On 13 May 2019 Petras announced that a European leg of the tour, comprising additional shows in the United Kingdom, France, the Netherlands and Germany, had been added. Thus, the tour would encompass 20 shows, including 17 solo shows as well as 3 festival appearance in the United Kingdom on the 23, 24 and 25 of August 2019. Due to high demand several venues for the European leg had to be upgraded.

On 31 May 2019 Petras revealed that rehearsals for the tour had started.

== Set list ==
This set list is representative of the European leg of the tour and the performance on September 4, 2019. Due to starting before the entirety of Clarity had been released, the set list varied greatly for the duration of the tour. Song titles adapted from Spotify.

== Tour dates ==

| Date | City | Country | Venue |
North America
| June 11, 2019 | Nashville | United States | The Basement East |
| June 12, 2019 | Atlanta | Center Stage |
| June 14, 2019 | New York City | Irving Plaza |
| June 15, 2019 | Silver Spring | The Fillmore Silver Spring |
| June 17, 2019 | Philadelphia | Theatre of Living Arts |
| June 18, 2019 | Cambridge | The Sinclair |
| June 20, 2019 | Chicago | Lincoln Hall |
| June 21, 2019 | Minneapolis | Fine Line Music Café |
| June 24, 2019 | Los Angeles | Fonda Theatre |
June 25, 2019
| July 30, 2019 | San Francisco | Mezzanine |
July 31, 2019
Europe
| August 23, 2019 | Leeds | United Kingdom | Leeds Festival |
| August 24, 2019 | Manchester | Manchester Pride |
| August 25, 2019 | Reading | Reading Festival |
| August 27, 2019 | London | Heaven |
| August 30, 2019 | Paris | France | La Maroquinerie |
| September 1, 2019 | Amsterdam | Netherlands | Paradiso |
| September 3, 2019 | Berlin | Germany | Bi Nuu |
| September 4, 2019 | Cologne | Club Bahnhof Ehrenfeld |

== Reception ==
Most shows of the North American leg were sold out. Further, many had to move to bigger venues due to high demand.
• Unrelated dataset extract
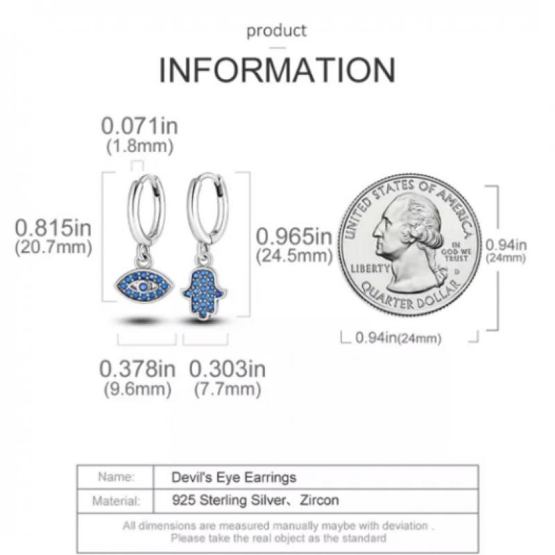 measurements: Hamsa 20.5mm x 8mm, evil eye 20.5mmx 9mm

Similarly, most shows of the European leg were also sold out or had to move to bigger venues in order to accommodate the demand.
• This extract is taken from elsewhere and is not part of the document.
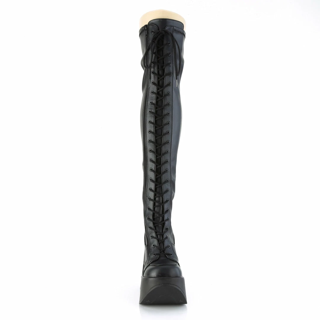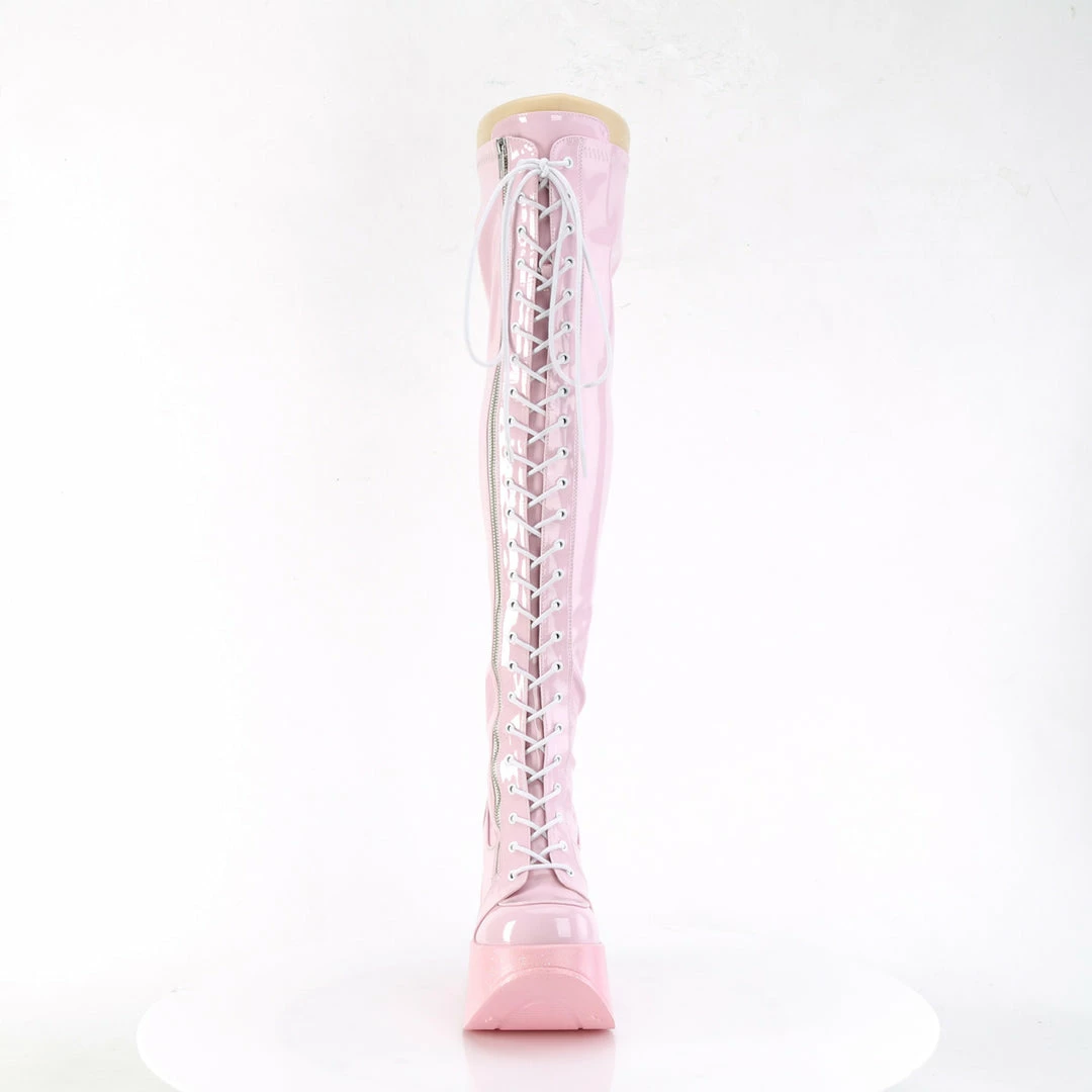 5″ (12.7mm) Star cut-out platform wedge thigh high boot with full length outside metal zip closure

The tour was generally very well received. Rae Lemeshow-Barooshian of Play Too Much praised it as a "euphoric pop rendezvous" and called it "an explosion of joy" whenever Petras took the stage. Michiel Vos of A Bit of Pop Music compared Petras' stage outfits and styling to "Lady Gaga's looks during her The Fame era" and attested that Petras looked "like an absolute star when dancing and posing". He further stated that Petras commands "a mesmerizing star quality" and would also hold her own vocally, even though oftentimes singing along to a backing track. Writing for Atwood Magazine, Nicole Almeida also stressed Petras' star quality, calling the tour the "perfect demonstration of Petras' star power". She further referred to the concert as "more than a show", but a "visual representation of Kim Petras' career" and concluded that she witnessed "a night of transcendental joy, pride, celebration, and fun". In his review of the first stop of the European leg, Alex Rigotti of Gigwise especially praised Petras' self-awareness in regards to "how ridiculous pop is". He identified the show to follow a structure in accordance with Petras' body of work. Thus, he referred to act I as a representation of heartbreak from her debut record, Clarity, the second act as being representative of her Halloween-themed extended play (EP), Turn Off the Light, Vol. 1, and the third act as being "about the ecstasy of falling in love from her Era 1 days". Even though the staging was "stripped down and simple", he declared it to be "effective" through "being fuelled by the charm of the singer feeling her fantasy".